How Bankruptcy Affects Accident and Other Personal Injury Cases
Posted by automobileaccidents, 01/08/2018 11:47 am

The effects of automobile accidents and slip and fall cases can be financially, physically, and emotionally devastating. It can be even more difficult when it is determined that the client is partially or completely responsible for the accident. If a person has little or no insurance when an accident happens, their finances may be ruined for years to come.

Bankruptcy After an Auto Accident

If a person is financially responsible for an auto accident, they and their attorney should evaluate every available option, such as chapter 7 bankruptcy. Here, the client may be able to discharge some of their debts, depending on their specific circumstances. Typically, accident-related debts are dischargeable, whether they’re related to property damage or personal injury, as long as they’re listed on the bankruptcy petition. However, debts related to DUIs that cause wrongful death cannot be eliminated.

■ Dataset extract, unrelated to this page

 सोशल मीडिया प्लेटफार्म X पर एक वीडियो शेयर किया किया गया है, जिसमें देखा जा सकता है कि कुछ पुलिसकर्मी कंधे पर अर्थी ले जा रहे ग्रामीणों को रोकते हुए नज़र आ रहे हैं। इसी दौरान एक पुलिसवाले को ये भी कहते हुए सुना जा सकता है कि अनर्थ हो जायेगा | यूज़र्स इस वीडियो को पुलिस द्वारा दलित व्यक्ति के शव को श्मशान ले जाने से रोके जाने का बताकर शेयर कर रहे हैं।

Malicious or Willful Events

Another notable exception is if the auto accident resulted from a malicious or willful injury caused by the client to another entity or piece of property. A good example of this is if a person deliberately ran their car into a neighbor’s vehicle. Under such an exception, both property damage and personal injury cannot be discharged during a bankruptcy case.



Bankruptcy and Other Personal Injury Cases

If a client’s personal injury case is actionable but they’re facing lawsuits and collection attempts by creditors, Chapter 13 is typically the right solution. Here, the client is protected from further collection attempts by bankruptcy’s automatic stay rule. Rather than the case being turned over to the court-appointed trustee, as in a Chapter 7 case, the debtor’s attorney represents their interests and those of the bankruptcy estate.

Consider Chapter 13 Instead

What happens if someone is financially responsible for debts arising from a DUI or a willful injury, but they don’t have the money to pay? Although these debts cannot be eliminated in Chapter 7 bankruptcy, a client can request a Chapter 13 bankruptcy that allows them to repay the debt over a three- to five-year period. If the debts aren’t repaid within that time due to a person’s financial circumstances, they can always file another Chapter 13 case to get more time to pay.

The time after a car accident can be a devastating one for everyone involved. If a client owes debts related to an auto accident, they should seek advice from an experienced bankruptcy lawyer. These attorneys can help clients either eliminate debts through Chapter 7 or repay them in Chapter 13. Either one of these options can help a person move on with their life.